• Source information:
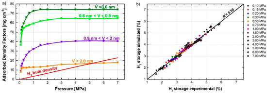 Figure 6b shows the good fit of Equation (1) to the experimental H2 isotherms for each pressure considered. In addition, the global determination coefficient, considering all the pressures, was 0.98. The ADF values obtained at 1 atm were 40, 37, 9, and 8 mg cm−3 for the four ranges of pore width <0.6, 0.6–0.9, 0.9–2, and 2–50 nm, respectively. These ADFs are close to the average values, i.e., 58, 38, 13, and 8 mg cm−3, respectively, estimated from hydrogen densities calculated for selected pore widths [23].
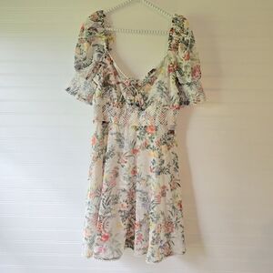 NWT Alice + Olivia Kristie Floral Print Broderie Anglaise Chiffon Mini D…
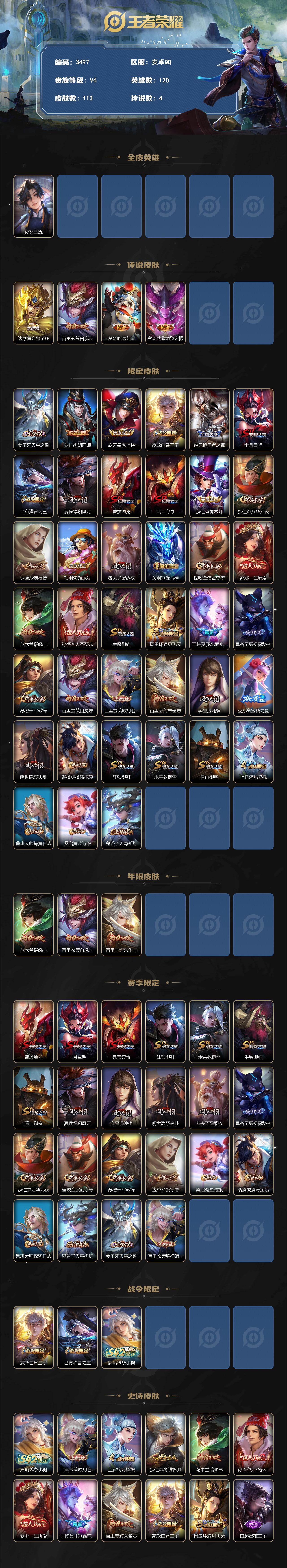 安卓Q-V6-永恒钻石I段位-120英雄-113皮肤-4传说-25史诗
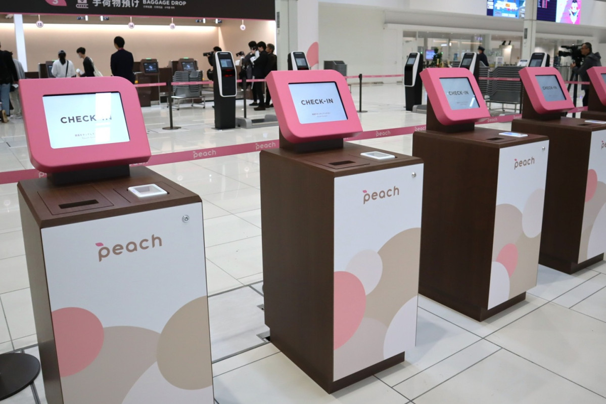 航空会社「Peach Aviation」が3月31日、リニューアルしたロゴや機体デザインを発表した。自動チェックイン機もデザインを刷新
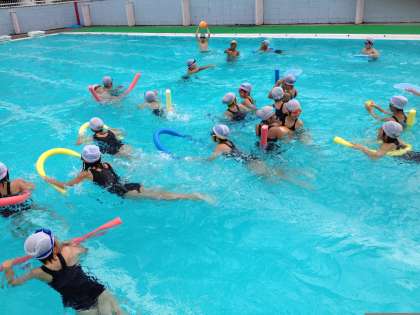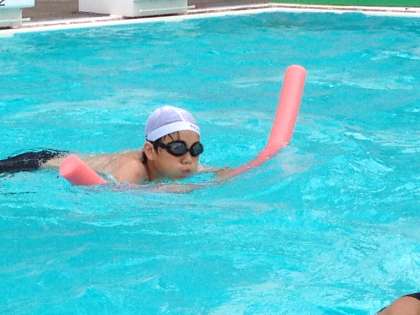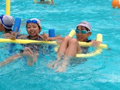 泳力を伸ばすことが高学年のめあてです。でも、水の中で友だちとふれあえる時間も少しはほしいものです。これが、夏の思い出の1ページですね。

• Work request: Please restate word for word each line from the one containing "航空会社「Peach Avi" to the end of the data above, without the pictures.

• Problem solution:
 航空会社「Peach Aviation」が3月31日、リニューアルしたロゴや機体デザインを発表した。自動チェックイン機もデザインを刷新
 泳力を伸ばすことが高学年のめあてです。でも、水の中で友だちとふれあえる時間も少しはほしいものです。これが、夏の思い出の1ページですね。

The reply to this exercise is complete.